*** Material provided Section Begins ***

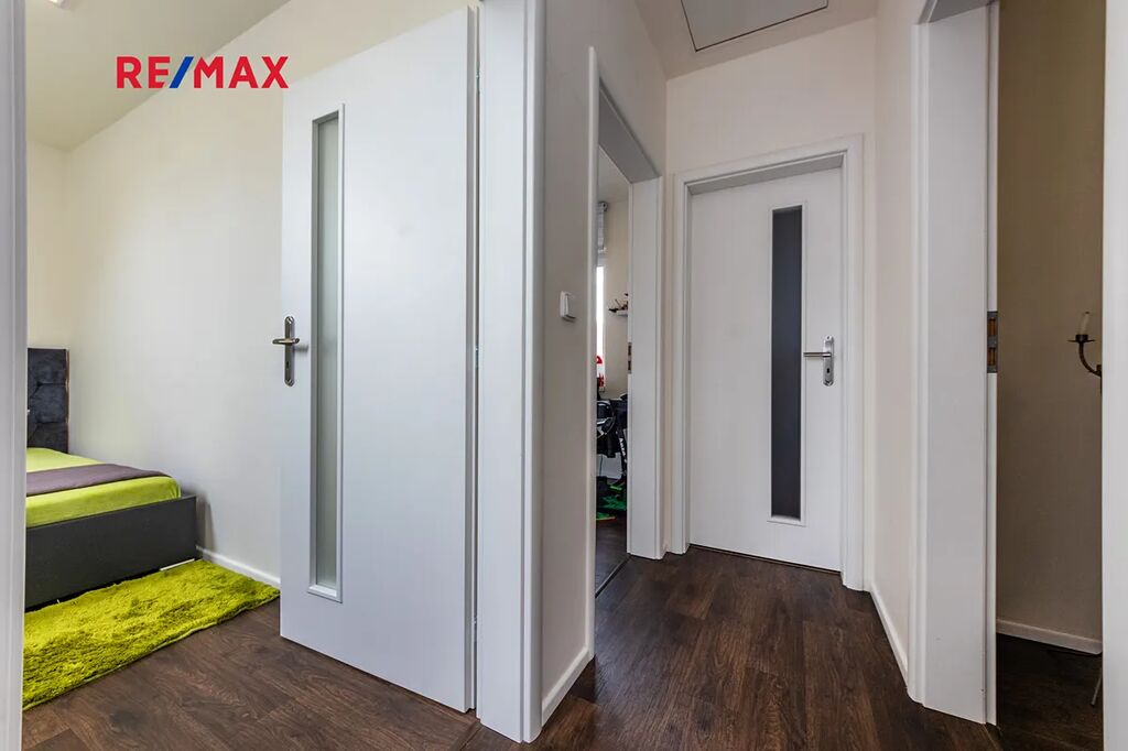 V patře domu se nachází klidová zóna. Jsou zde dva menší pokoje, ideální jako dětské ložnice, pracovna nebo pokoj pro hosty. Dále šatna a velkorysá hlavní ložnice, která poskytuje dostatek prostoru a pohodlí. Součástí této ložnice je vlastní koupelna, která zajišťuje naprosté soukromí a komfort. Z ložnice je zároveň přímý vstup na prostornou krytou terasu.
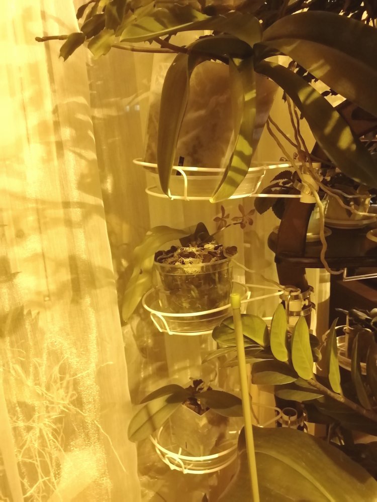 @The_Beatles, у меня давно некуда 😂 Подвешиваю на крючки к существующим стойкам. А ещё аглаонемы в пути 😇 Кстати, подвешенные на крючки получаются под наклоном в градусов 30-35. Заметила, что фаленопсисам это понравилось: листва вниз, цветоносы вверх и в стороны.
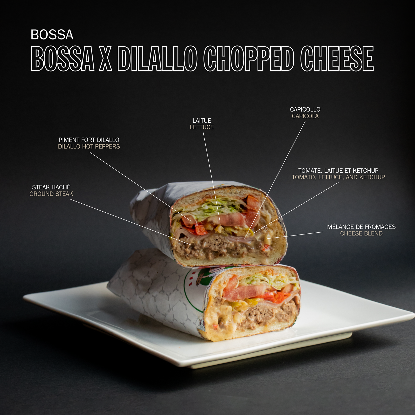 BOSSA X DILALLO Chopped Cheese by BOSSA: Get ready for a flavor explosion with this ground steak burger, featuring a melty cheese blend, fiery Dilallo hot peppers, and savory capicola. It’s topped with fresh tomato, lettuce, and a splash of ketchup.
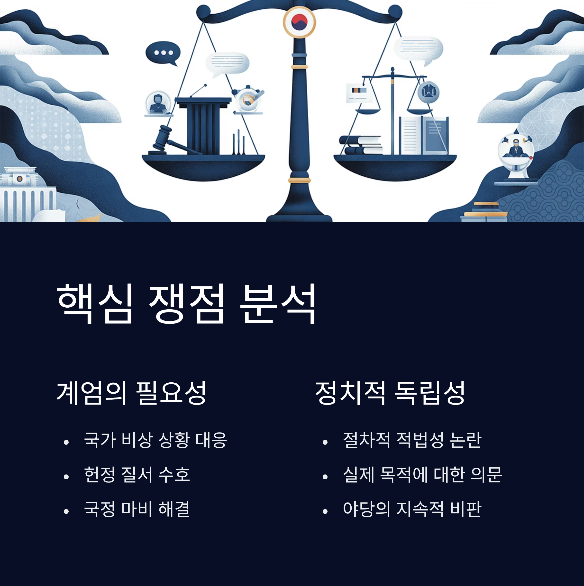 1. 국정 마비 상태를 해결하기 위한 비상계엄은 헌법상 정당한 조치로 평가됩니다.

*** Material provided Section Ends ***

> **Exercise instructions**
The lines from the one containing "BOSSA X DILALLO" through the end of the data above are to be copied exactly, both ends included, and pictures are to be omitted.

> **Response to this exercise**
 BOSSA X DILALLO Chopped Cheese by BOSSA: Get ready for a flavor explosion with this ground steak burger, featuring a melty cheese blend, fiery Dilallo hot peppers, and savory capicola. It’s topped with fresh tomato, lettuce, and a splash of ketchup.
 1. 국정 마비 상태를 해결하기 위한 비상계엄은 헌법상 정당한 조치로 평가됩니다.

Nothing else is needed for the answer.